Theranostics for Well and Moderately Differentiated GEP-NEN

Abstract

Neuroendocrine neoplasms (NEN) are rare, heterogeneous, and typically slowly growing tumours. The most common location is the gastro-entero-pancreatic system (GEP-NEN). NENs are classified according to their proliferative activity (Ki-67 index, G1-3).

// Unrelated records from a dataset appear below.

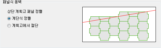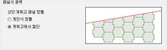 - 상단 계획고 라인이 경사진 경우 패널을 계단식으로 정렬할 지, 상단 계획고에 따라 절단할지 설정합니다.
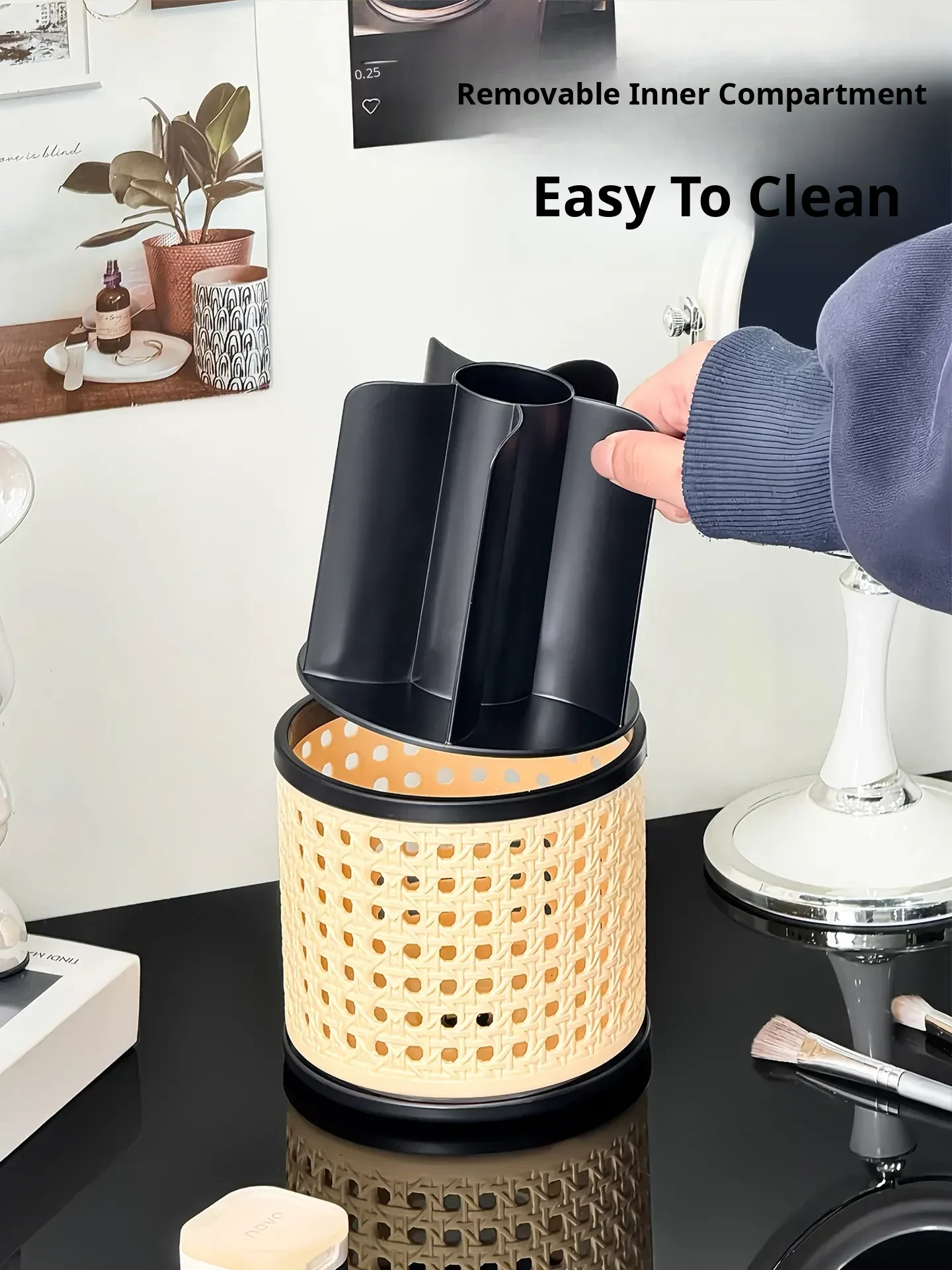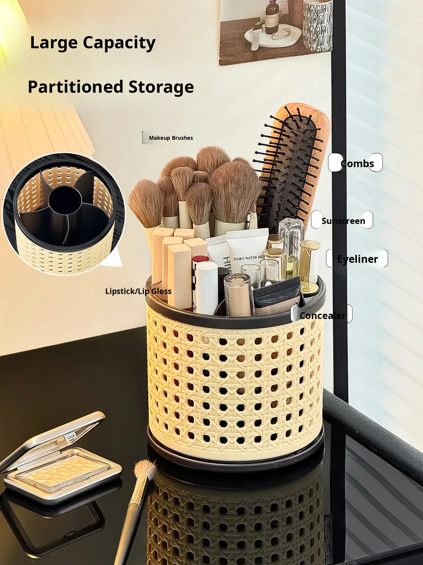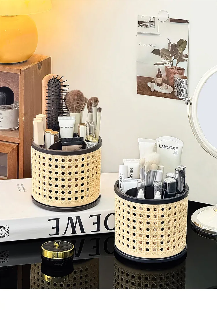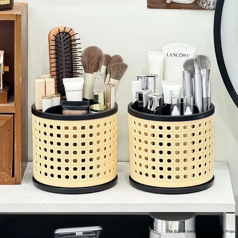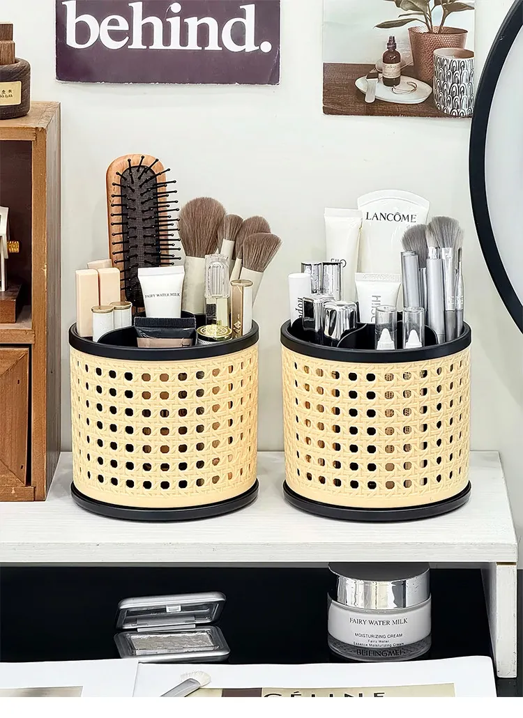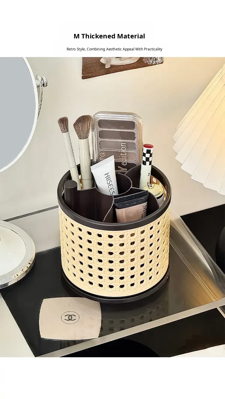 Premium Makeup Brush Organizer - Elegant Desktop Storage Box for Cosmetics, Featuring Divided Compartments for Eyebrow Pencils and Eyeshadow Brushes
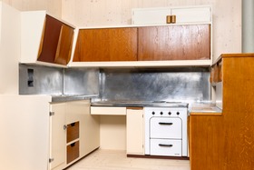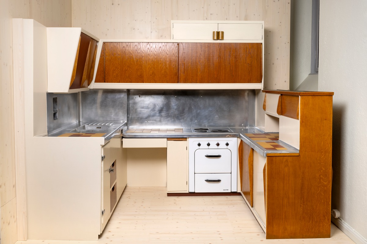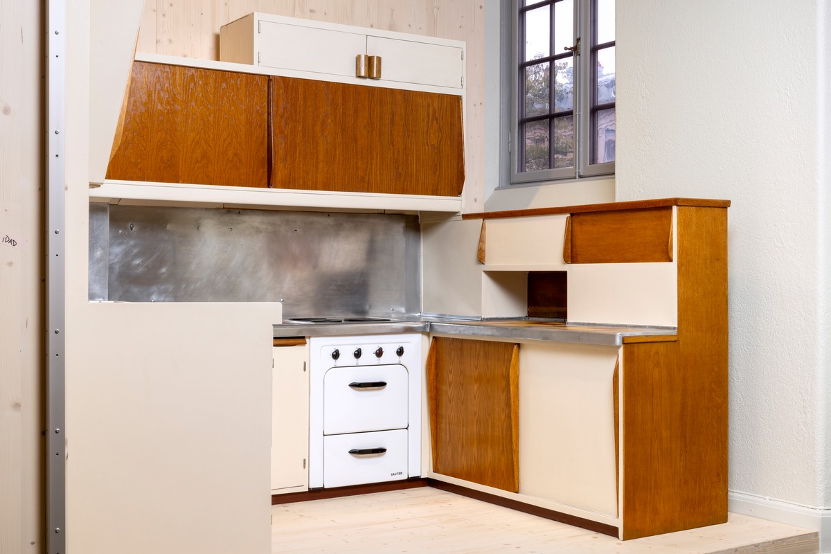 En komplett köksinredning av den fransk-schweiziske arkitekten Le Corbusier. Le Corbusier (1887–1965) räknas allmänt som en av modernismens mest inflytelserika arkitekter och teoretiker. Sina radikala idéer om arkitektur och det nya moderna livet omsatte han i allt från privata villor till stora flerfamiljshus och utopiska planer för hela städer. På Röhsska museet är vi stolta att kunna presentera ett komplett kök från Le Corbusiers mest berömda byggnad Unité d’Habitation, i Marseille uppfört 1947–1952. Åren efter andra världskriget var det svåra år på kontinenten, där behovet av bostäder var stort. Unité d’Habitation var ett radikalt arkitektoniskt och socialt projekt som hade sitt ursprung i Le Corbusiers visionära stadsplaner från 1920-talet. Det bestod av jättelika bostadsblock med plats för över 1 600 boende, där var och en i princip skulle fungera som en självförsörjande stad. Till en början formgav Le Corbusier sällan inredningarna i sina byggnader utan använde standardmöbler från till exempel Thonet eller amerikanska kontorsmöbler.
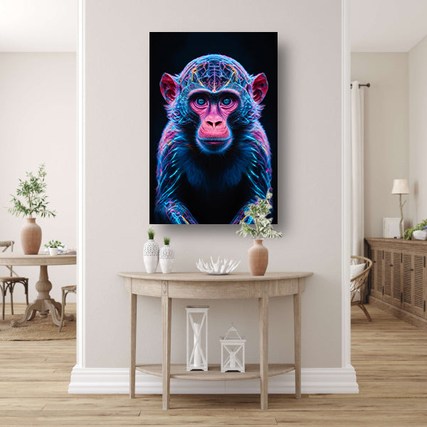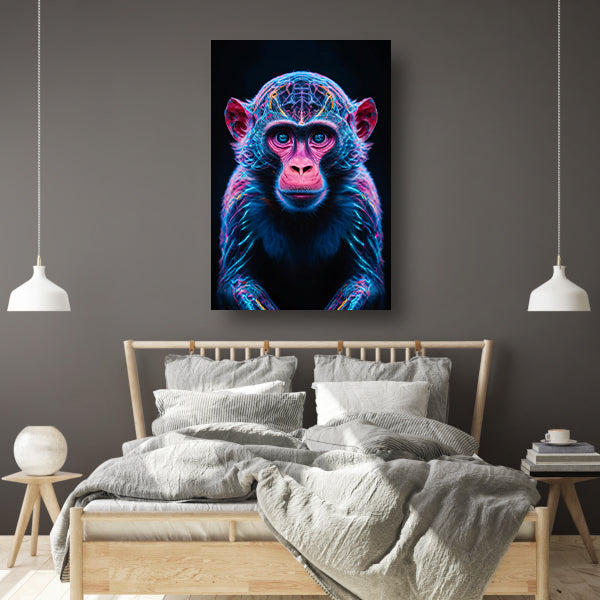 Futuristisch neonportret van een kleurrijke aap acrylglas
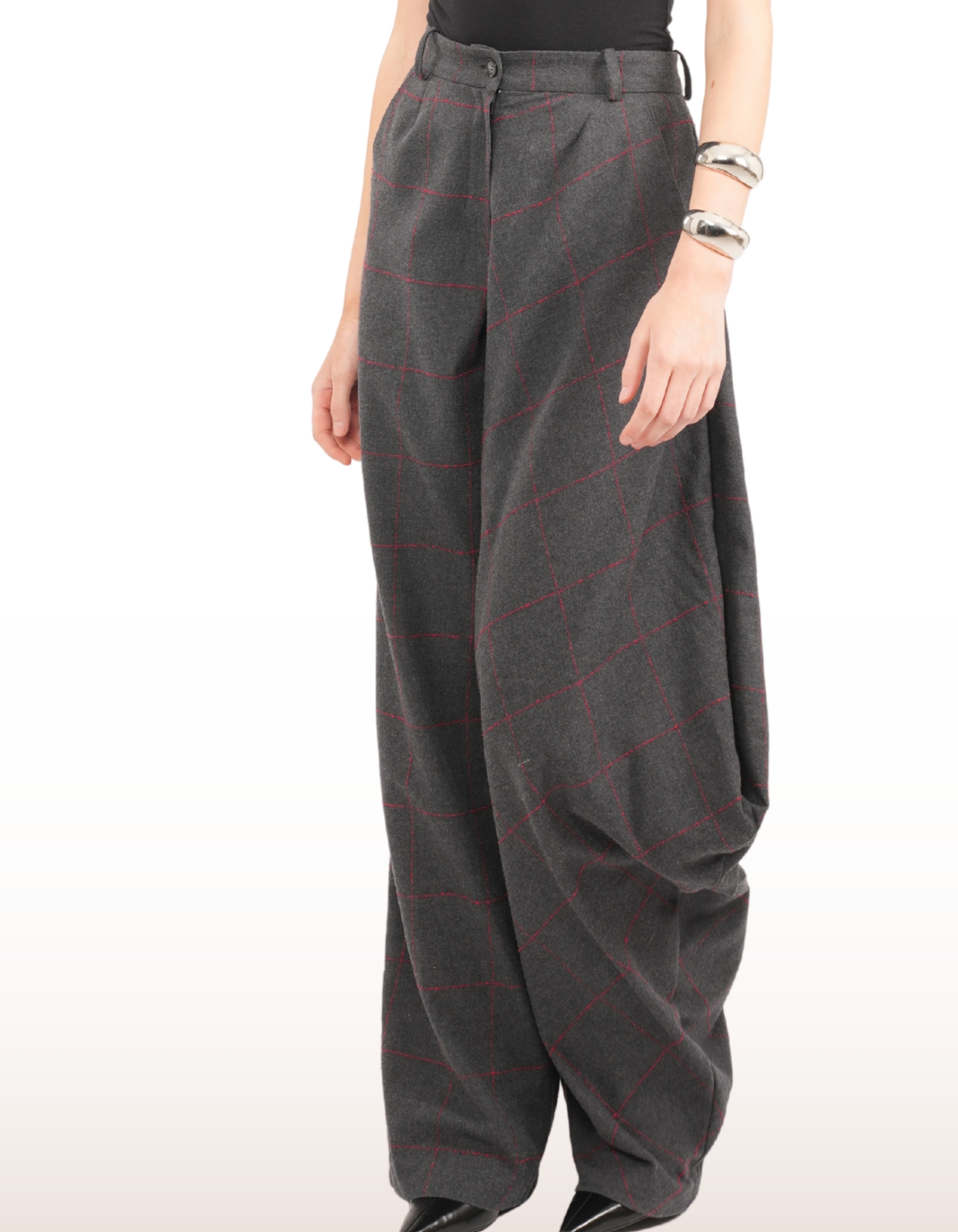 Trousers crafted from a windowpane checked wool-blend fabric.

In this context, well-differentiated tumours typically express somatostatin receptors (SSTR), thus serving as targets for nuclear medicine theranostics. In this approach, diagnostic molecular imaging, usually by positron emission tomography/computed tomography (PET/CT), can be followed by individually tailored peptide radioreceptor therapy (PRRT) with a β-emitter labeled radiopharmaceutical. In meta-analyses, diagnostics using SSTR-directed PET/CT showed a sensitivity of 93% and a specificity of 96%. SSTR-directed diagnostics can also be used to trace tumours in-vivo, enabling radioguided surgery. The decision to initiate PRRT should always be made in an interdisciplinary tumour conference and tumour progression during previous therapy should be documented. This treatment is administered intravenously for 4 times at 8-week intervals in specialised nuclear medicine centres. PRRT efficacy was prospectively evaluated in the NETTER-1 study and demonstrated a significant improvement in progression-free survival (primary endpoint). Based on these results, Lutathera (177Lu-DOTATATE) is now available as a radiopharmaceutical approved in Germany for the treatment of non-resectable or metastatic or progressive, well-differentiated (G1 and G2), SSTR-positive GEP-NEN.